-- Opening Marker --

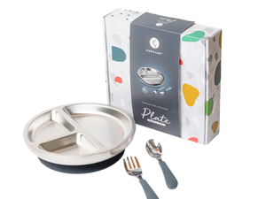 Lion and Lady Stainless Steel Plate with Suction Base and Cutlery
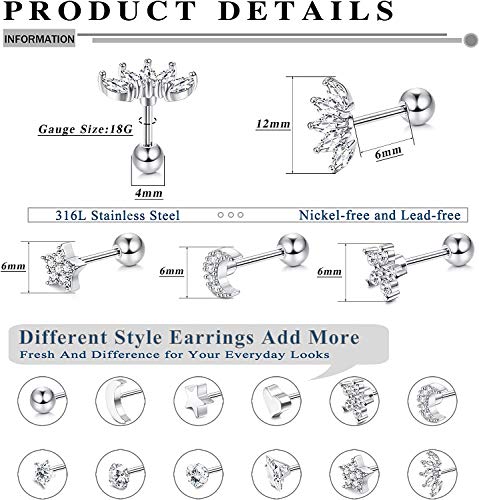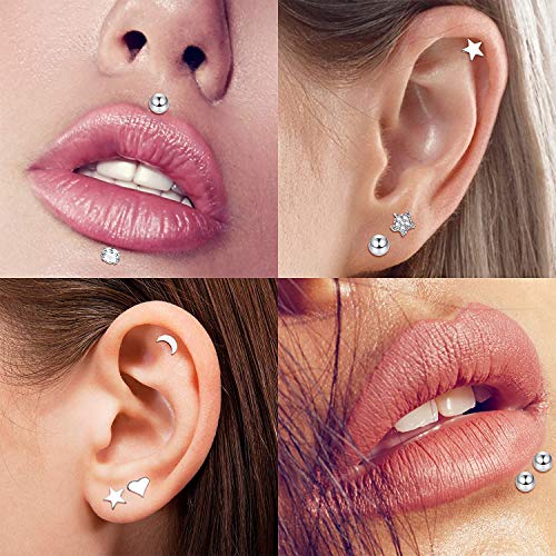 Set di piercing per cartilagine: 12 orecchini per cartilagine, tutti in diversi stili, orecchini a stella, luna, fiore, CZ, stile alla moda e classico, più scelta da indossare tutti i giorni. Il set più economico per te, merita di acquistare.
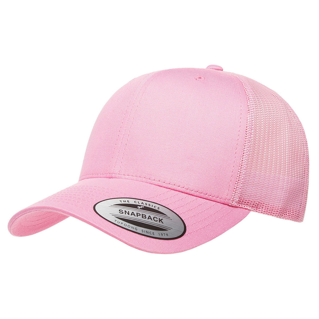 You don't have to give the Yupoong Pink Adult Retro Trucker Cap to actual truckers. With your company's custom logo on the bill, this premium hat will be valued and worn by any man. Just think what a great item this would be to hand out at trade shows! It has a six panel construction with eight row stitching on the flat visor. It has hard buckram backed front panels, 3 1/2" crown, and matching undervisor. A sure fit is ensured with an adjustable plastic closure. This trucker cap is available in 11 colors. Five are solids like black, red, and pink. The remainder are two-color combinations such as brown and khaki, and navy and white.Highlights
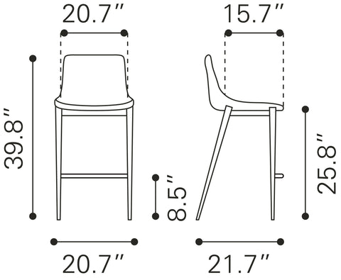 High design meets everyday casual. This handsome counter stool with its slim profile pulls up perfectly to the bar. Its super comfortable curved seat is covered in slate gray faux leather with dramatic stitching. Matte brown Faux Wood legs are complete with protective plastic feet to keep your floors scratch-free. Features: Assembly required, Plush and durable faux leather fabric, Ergonomic and supportive footrest, Faux wood steel leg, Rubber feet help prevent floor scratches, Stain and water resistant performance fabric, Supports up to 285 lb. Dimensions: 20.7" W x 21.7" D x 39.8" H. Weight: 15,8 lbs.
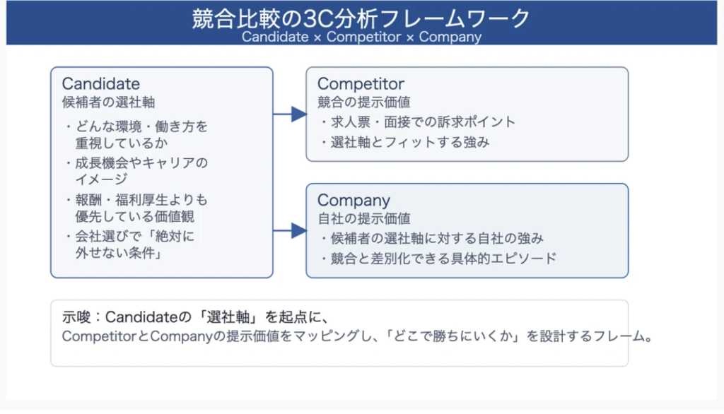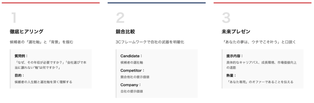 この一言が、単なる「金額勝負」から、候補者の人生に寄り添う「“選社軸”勝負」へと、土俵を切り替えるスイッチになります。
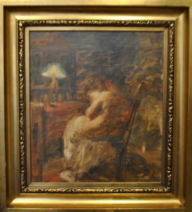 Paulsen, Julius (1860 - 1940) Denmark: Lamplight, interior. Oil on canvas. Signed. 38 x 33 cm.Framed: 54 x 45 cm. Framed in Kleis frame with corner wedges.
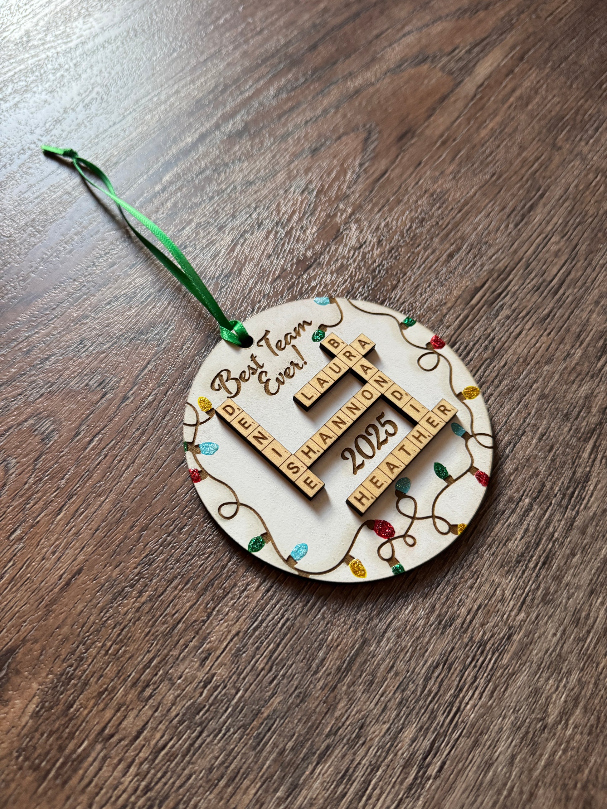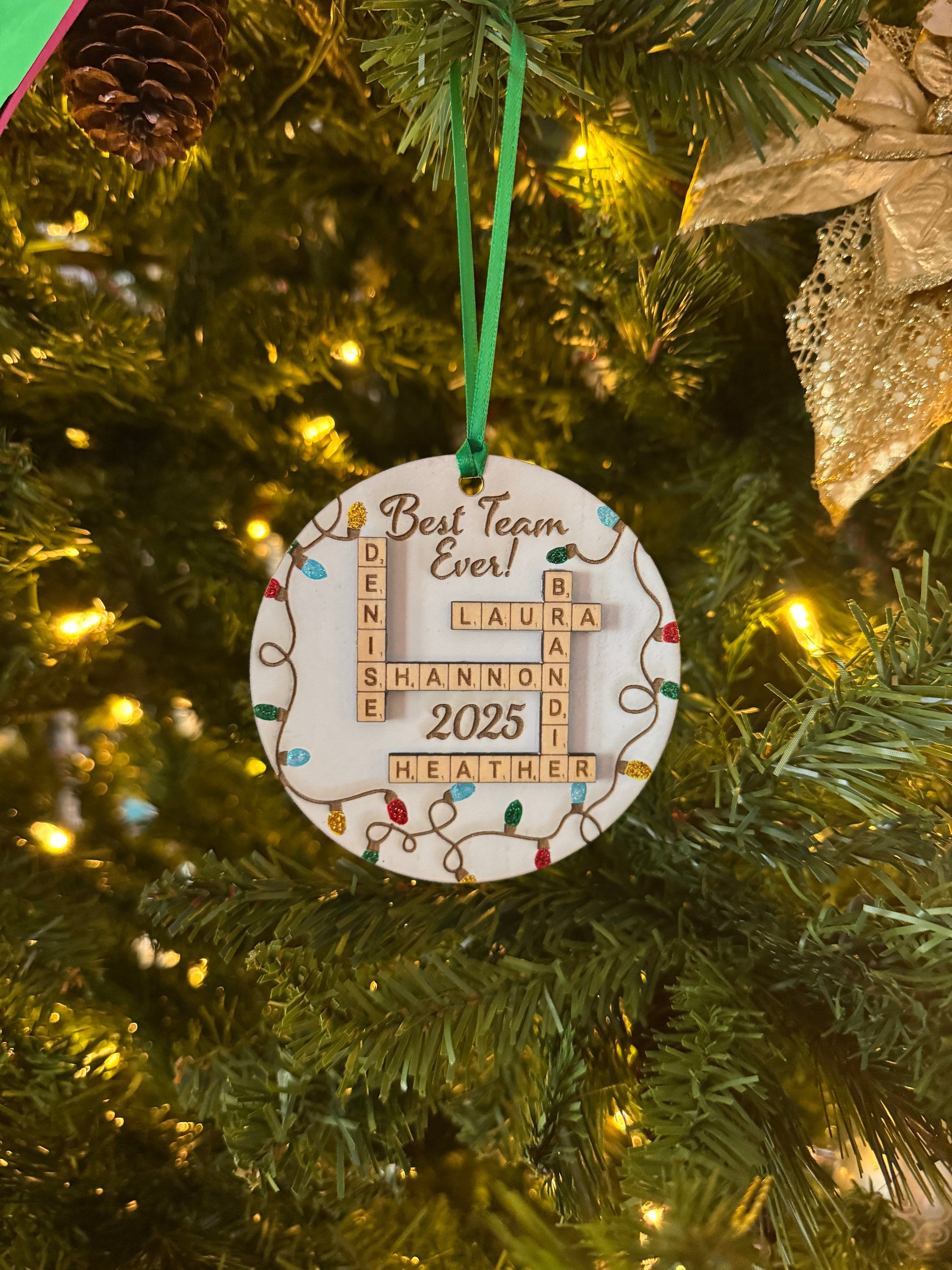 This 2-layered 4" ornament is a great gift or addition to your own tree for Christmas. I can do as many as 6 names and as few as 2. I can also customize what you would like written at the top.

-- Closing Marker --

Give again, word for word, the line containing "この一言が、単なる「金額勝負" and every line after it to the end of the records; leave out the pictures.

> [Task result]
 この一言が、単なる「金額勝負」から、候補者の人生に寄り添う「“選社軸”勝負」へと、土俵を切り替えるスイッチになります。
 Paulsen, Julius (1860 - 1940) Denmark: Lamplight, interior. Oil on canvas. Signed. 38 x 33 cm.Framed: 54 x 45 cm. Framed in Kleis frame with corner wedges.
 This 2-layered 4" ornament is a great gift or addition to your own tree for Christmas. I can do as many as 6 names and as few as 2. I can also customize what you would like written at the top.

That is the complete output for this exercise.